Published online Jun 16, 2025. doi: 10.12998/wjcc.v13.i17.101593
Revised: December 10, 2024
Accepted: January 23, 2025
Published online: June 16, 2025
Processing time: 151 Days and 4.9 Hours
Epithelioid angiosarcoma (EA) is an aggressive, malignant endothelial-cell tumor of vascular or lymphatic origin. EA often arises from deep soft tissues such as pleura, breast, bone and gastrointestinal tract. It usually affects patients aged 60-70 years and is associated with high recurrence and metastasis rates with surgical resection as the primary treatment of choice. Overall survivals are generally poor, ranging from 6 to 16 months. More than 50% of patients died of disease within 2 to 3 years of diagnosis.
We present a rare case of EA of the cervical spine causing a C6 pathological fracture complicated by severe kyphosis. The patient received C4-7 posterior laminectomy and C2/3/4/7/T1 transpedicular screw fixation, followed by anterior C5-6 corpectomy with allograft bone fusion and cervical plate fixation. Postoperative radiotherapy was administered without delay. However, the patient died of rapidly progressive acute respiratory distress syndrome 3 weeks after the second surgery.
EA with spinal involvement is extremely rare. Early detection and cord decompression may prevent neurological deterioration and preserve better quality of life.
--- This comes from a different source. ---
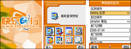 “快樂e行”預(yù)裝在手機中的存儲卡中,可直接安裝到手機的應(yīng)用菜單欄里,點擊圖標(biāo),就可以直接進入首頁。圖形化的操作按鍵、簡明的文字提示、順暢的操作流程,人性化的設(shè)計讓機票預(yù)訂變得不再麻煩。

Core Tip: Epithelioid angiosarcoma (EA) is an aggressive and rare malignant tumor, particularly with spinal involvement. This case report presents a case of cervical spinal EA in a 63-year-old male with a pathological fracture causing spinal cord compression. The patient underwent staged surgeries with decompressive laminectomy, corpectomy, and bone fusion, followed by radiotherapy. Despite aggressive management, the patient succumbed to acute respiratory distress syndrome. This case emphasizes the importance of early diagnosis, timely tumor decompression to prevent neurological deterioration, and the challenges in managing EA due to its high recurrence and metastasis rates. Further research is needed to improve therapeutic outcomes.
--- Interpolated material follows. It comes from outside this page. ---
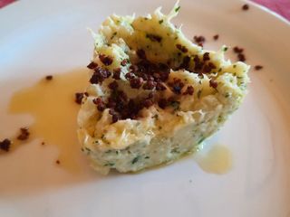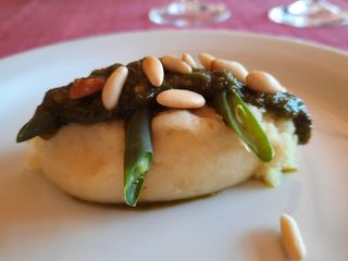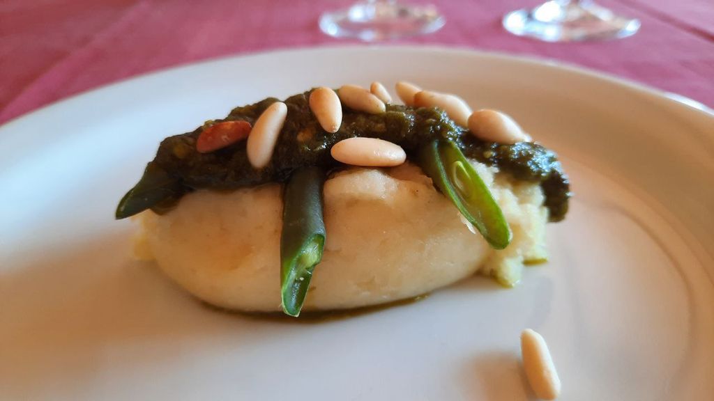 Deliziosa la quenelle di patate e olio con pesto, fagiolini e pinoli tostati.

- Citation: Nan YH, Chiu CD, Chen WL, Chen LC, Chen CC, Cho DY, Guo JH. Epithelioid angiosarcoma of the cervical spine: A case report. World J Clin Cases 2025; 13(17): 101593
- URL: https://www.wjgnet.com/2307-8960/full/v13/i17/101593.htm
- DOI: https://dx.doi.org/10.12998/wjcc.v13.i17.101593
Angiosarcoma is a subtype of soft-tissue sarcomas and is an aggressive, malignant endothelial-cell tumor originating from vascular or lymphatic tissues[1]. Epithelioid angiosarcoma (EA) is a rare variant of angiosarcoma that is characterized by poorly-differentiated neoplastic cells with an epithelioid morphology[2-4]. Although the majority of cases occur in deep soft tissues, cases have been described arising from skin, adrenal gland, thyroid gland, and bone[2,5,6]. EA has a male predilection and generally occurs in adult life, with the highest incidence diagnosed in the seventh decade. In addition, early nodal and solid organ metastases, especially to the lungs, bone, soft tissue, and skin, are common. Within 2–3 years of diagnosis, more than 50% of the patients die of this disease[6,7]. Here, we present a rare case of cervical spinal EA in a 63-year-old male, demonstrating a pathological fracture and spinal cord compression.
A 63-year-old male visited our neurosurgical outpatient department because of progressive neck weakness with a drop posture for 1 month.
He was involved in a traffic accident with a minor traumatic head injury approximately 1 month prior to this visit. Computed tomography (CT) of the head and neck at that time revealed no traumatic intracranial hemorrhage, and no obvious cervical spinal fracture, facet lock, kyphotic deformity, or alignment deformity of the spine (Figure 1A). A progressive neck weakness with a drop to the right side was noted. The patient was then admitted for further evaluation and management.
He had the history of hypertension, nasopharyngeal carcinoma post concurrent chemoradiation therapy 10 years ago and left putamen lacunar infarction 4 months ago.
There is no obvious personal or family history related to this disease.
Physical examination showed kyphotic cervical posture with limitations in flexion-extension and lateral bending. Progressive weakness of the right upper limb was observed after a grade 1/5 muscle strength, but no muscle wasting was observed.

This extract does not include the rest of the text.